Este espacio terapéutico promueve una clausura para hacer inducción analítica, al menos una teoría sustantiva inter para elaborarnos, poco se puede significar desde la co-construcción introyectiva. Somos un correlato artificial que nos quita la capacidad de negociar y de performar. ¿Cuándo las recomendaciones vienen de cerca hay que sospechar? ¿La situacionalidad del conocimiento no le dice nada a un médico? ¿Roza siquiera esa jerarquía endiosada de su profesión? Justamente origina su propia ceguera de su parcialidad. No la reconoce.

Luego viene la pornografía del chisme de algunos cercanos: “¿Te echaron de la pega?”, “en las crisis viene la oportunidad” y todas esas frases hechas que, sinceramente, aborrezco. No faltó quien me sugirió la reinvención. ¿Hay que ser sujeta – empresa? ¿Adaptación desmembrada? No, gracias. No problematizar la academia privada local, dejar fuera la autorreflexividad de las capturas lingüísticas de la pandemia, y escuchar otros slogans penosamente distintivos: “hay que trabajar igual”.

Siete años de mutilación de mi self creativo [hay que separar las Ciencias Sociales de la Creación Artística], con cambios de gestión transcendentales en algunas escuelas que estaban censurando mi capacidad de nombrar: a mis ponys, ponys divergentes, nómadas y pichones, nombres que les daba a mis distintos grupos de estudiantes. Siete años de precarización intelectual para impedir la generación de memoria con la figura de la presencia, pero sí tapizar el espacio digital con el nombre/firma a través de las citaciones. Reconozco que el paper es un género que no me atrapa, no genera más que vínculos estratégicos.

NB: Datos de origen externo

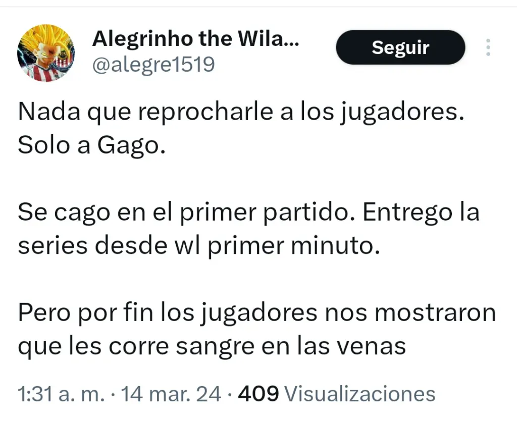 “Se acabó el sueño. Ya no ajusta el tiempo. Ojalá Gago salga con todo para mínimo romper la racha sin ganar en el Akron”, publicó en X la cuenta Chivas Shitposting, haciendo referencia a un nuevo clásico ante América que Guadalajara deberá afrontar este domingo y como local, por la decimosegunda fecha del Clausura 2024 de la Liga MX.
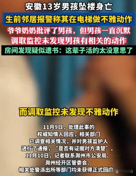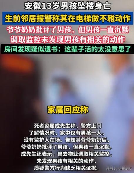 安徽滁州,13岁男孩在电梯里被指有不雅动作,小区居民不仅报了警,还在业主群称男孩是变态,民警没联系监护人,就单独找男孩了解情况,之后又告知男孩的爷爷奶奶,男孩遭民警谈话、家人批评后,从小区楼顶坠楼,男孩的父亲查看监控,并没有发现儿子有不雅动作,誓为儿子讨个说法。 成先生怎么也没想到,13岁的儿子小成会突然坠楼而亡,那天他接到消息赶回家,看到冰冷的儿子后,整个人都懵了。 原来,事发当天小区里有人传消息,说小成是男变态,在电梯门口有不雅动作,还报了警,这在业主群里,各种难听的话都有。 民警接到报警后,到了小成家,可他们没联系上监护人,就直接单独询问了小成,之后遇到小成的爷爷奶奶,就把情况说了一下,老人听后,也没细问,就又批评了小成。 小成本来就处于懵懂期,突然被这么多人指责,心里压力很大,民警的询问,家人的批评,让他不知该如何是好。 当晚,他就从小区楼顶,跳了下去。 成先生查看监控,根本没发现儿子有不雅动作。 他觉得这一切太荒唐了,儿子就这么不明不白地没了,他质疑民警的询问流程,觉得他们没谨慎对待未成年人。 成先生也对邻居的不实言论,提出质疑,没核实就传播谣言,害得儿子承受这么大压力。 他决心要为儿子讨个说法,让那些造谣儿子的人付出代价。 孩子本就脆弱,遇到这种事,心理防线很容易崩不住,邻居们没核实就传播谣言,民警没谨慎对待未成年人,都成了悲剧的推手。 民警单独询问13岁男孩,这已经涉嫌程序违法。 法律对未成年人有特殊保护,就是为了防止他们在遇到事情时受到不公正对待,在这件事里,民警的行为到底违反了哪些法律呢? 根据《未成年人保护法》规定,为保障未成年人合法权益,询问未成年人时,应当通知其父母或者其他监护人到场。 询问小成的民警,没联系监护人,就单独询问了小成,这明显违反上述规定,如果认定执法过错,民警需担责,还可能需要行政赔偿。 小成的父亲,有权质疑民警的询问流程,他可以投诉,要求对民警的行为进行调查处理,如果确实存在执法过错,成先生可以要求赔偿,包括精神损害赔偿等。 爆料的人捏造事实诽谤小成,也要承担一定的法律责任。 根据治安管理处罚法规定,公然侮辱他人或者捏造事实诽谤他人的,处五日以下拘留或者五百元以下罚款;情节较重的,处五日以上十日以下拘留,可以并处五百元以下罚款。 爆料人在业主群里传播不实言论,称小成是变态,这已经构成了捏造事实诽谤他人,如果成先生起诉他们,他们将面临行政处罚。 根据《民法典》第一千一百八十三条规定:侵害自然人人身权益造成严重精神损害的,被侵权人有权请求精神损害赔偿。 小成因不实言论坠楼,成先生有权要求爆料人赔偿精神损害等损失,这不仅是对小成的公道,也是对不实言论的警示。 有人说,民警当时可能也是为了尽快了解情况,才单独询问小成,民警出发点是好的,不应该承担这么大责任。 但法律就是法律,它规定了询问未成年人必须通知监护人到场,这是为了保护未成年人的合法权益。 民警没做到这一点,就是违反了法律,必须承担相应责任。 有人觉得,爆料人只是说说而已,没想到会造成这么严重后果。不应该承担这么大责任。 不管主观上怎么想的,只要实施了违法行为,就要承担法律责任,爆料人捏造事实诽谤小成,对小成造成了伤害,必须承担行政和民事赔偿责任。 如果最终认定民警单独询问未成年人程序违法,应对涉事民警进行处理,并赔偿成先生一定损失。 爆料人因诽谤小成,也应该被行政处罚,并赔偿成先生精神损害等损失。

Para mi ese éxito de la dialéctica en el enfoque cognitivo conductual es una apropiación bastante instrumental y apática -cómo no. La enfermedad tiene una dimensión política. Las omisiones y destematizaciones en las consultas médicas son también indolentes al abogar la neutralidad.  Siento urgente el conocimiento situado y la duda en los espacios tan seguros que comprometen esa supuesta evidencia tan firme. Hacer micropolítica en los espacios de relación. Me concentro en la ruta de la performatividad de tantos diagnósticos de enfermedades mentales, del ánimo y cuántas otras que lo fueron.

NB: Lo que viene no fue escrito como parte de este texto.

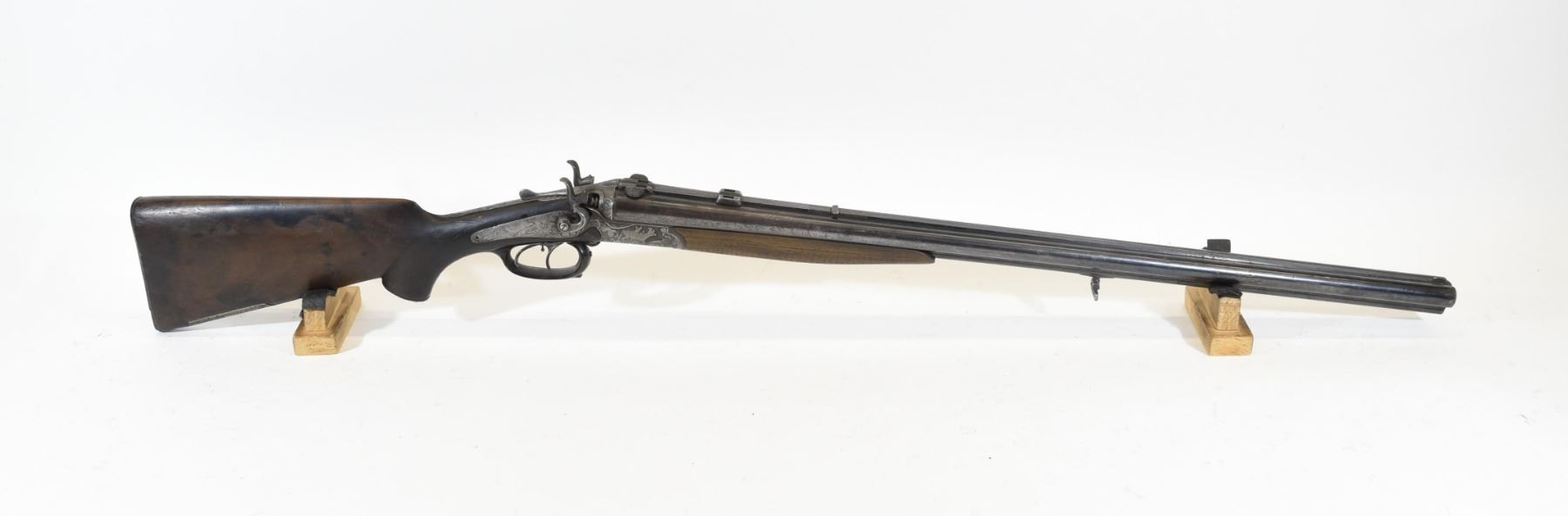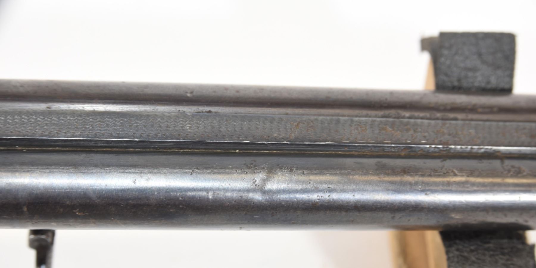 Non-restricted, 16ga side x side over unknown obsolete German rifle caliber, SN 2013. Wood stock has many dents and scratches with one crack through the rear grip. Bluing is going grey with light pitting throughout. Bores are lightly pitted in places and the right 16ga barrel has a dent. Rifle barrel measures 8.8mm dia. but true caliber is unknown. Hinge action has intricate engravings of Elk, Partridge, Rabbit, and White-tail. Underside of butt stock has compartment for 4 extra rounds of rifle ammo.

No soy la correspondencia de una esencia profesional-académica o de los trasvasijes estratégicos de un manual DSM, tampoco una lectura confirmatoria de un examen de sangre. No nos podemos elaborar desde el lenguaje multicorporal a causa de una reproducción de ciertos criterios prescriptivos en una psiquis de introyección del capitalismo farmacopornográfico (gracias por la libertad a Paul B. Preciado). En esas estructuras atemporales disciplinadas, me he sentado a escuchar, y si increpo apasionadamente, me leen en ese formato de patología de no difracción. Me interesa una reconstrucción de la posibilidad.

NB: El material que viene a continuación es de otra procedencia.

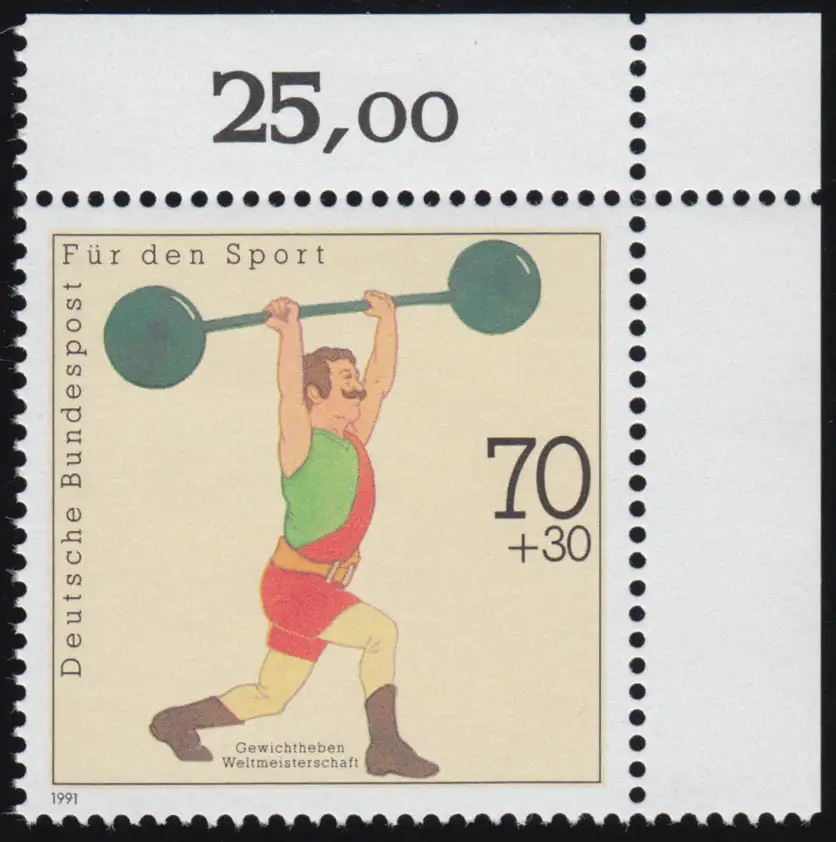 1499 Sporthilfe 70+30 Pf Gewichtheben ** Ecke o.r.
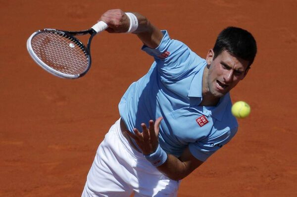 Novak Djokovic of Serbia serves to Ernests Gulbis of Latvia during their men's semi-final match at the French Open tennis tournament at the Roland Garros stadium in Paris June 6, 2014.GONZALO FUENTES/Reuters

No me interesa responder a los mandatos tiránicos de felicidad, ni de buena persona, ni de asertividad, ni de dulzura, ni de adecuación, menos de autoconocimiento desde una posición acrítica/neutra/aséptica/higiénica/sin mancha o como personal branding. Me interesa seguir rehaciendo la esfera (trans) formativa de la educación superior desde la docencia e investigación, sin sentirme amputada o mutilada. Recuperando a mis afectos, amigues, colegas y ex-estudiantes que me sostuvieron y resisten conmigo día a día. Tengo un compromiso político y feminista claro. He reconquistado mi deseo desde esa relación, por lo que la esfera privada carece ya de mis esfuerzos y compenetración desde lejos. Por último, no quiero intervenir en la insuficiencia de la heterorreferencia de la ciencia desde una comunidad científica que abrevia enfáticamente los ejercicios posibles de su traducción. Tampoco aspiro a ser cómplice de asesinatos a estudiantes y/o jóvenes en ningún espacio público y menos académico.